Research output: Contribution to journalReview articlepeer-review

Abstract

Methadone is used as the pharmacologic mainstay for substitution for illegal opiates and as analgesic for chronic or cancer-related pain. Given the benefits of methadone substitution for illicit opioids, the finding of an association between methadone and prolongation of cardiac depolarization (QT prolongation) and torsades de pointes is of great concern. QT prolongation can occur with many drugs and is a potentially lethal adverse drug reaction, necessitating risk monitoring and therapeutic alternatives in some patients. Recent studies suggest that QT prolongation with methadone is context dependent: occurrence is more frequent with high doses of methadone, concomitant administration of CYP3A4 inhibitors, hypokalemia, hepatic failure, administration of other QT prolonging drugs and pre-existing heart disease. The valued benefit of methadone substitution therapy on the one hand and the increased cardiovascular risk in particular situations on the other illustrate the difficulties in dealing with drug-induced QT prolongation in general.

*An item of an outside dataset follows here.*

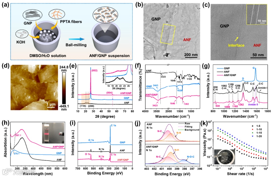 图1. (a)ANF/GNP分散液的球磨制备示意图。ANF/GNP的(b)TEM,(c)HR-TEM,(d)AFM图。GNP,ANF,ANF/GNP的(e)XRD图,(f)FTIR光谱,(g)拉曼光谱,(h)UV-vis吸收光谱,(i)XPS谱图。(j)ANF和ANF/GNP的N 1s的XPS高分辨谱图。(k)不同GNP含量的ANF/GNP稳态剪切粘度,插图为ANF/GNP分散液的照片。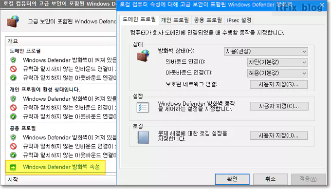 이곳에서는 윈도우 디펜더의 방화벽 속성을 변경하거나 연결 보안 규칙, 인바운드 규칙, 아웃바운드 규칙 등을 관리하고 모니터링할 수 있습니다. Windows Defender 방화벽 속성을 클릭하여 방화벽을 사용하거나 사용하지 않게 설정하는 등의 관리를 진행할 수 있습니다. 방화벽은 유해한 신호를 외부의 유입으로부터 가장 먼저 차단하는 보호장치로서 가능하면 이 기능을 꺼두지 않도록 해야 합니다.

Original languageEnglish (US)
Pages (from-to)289-303
Number of pages15
JournalExpert Opinion on Drug Safety
Volume6
Issue number3
DOIs
StatePublished - May 2007

Keywords

  • Adverse drug reaction
  • Cardiovascular
  • Complex disease genetics
  • Methadone
  • QT
  • QTc
  • Torsades de pointes

ASJC Scopus subject areas

  • Pharmacology (medical)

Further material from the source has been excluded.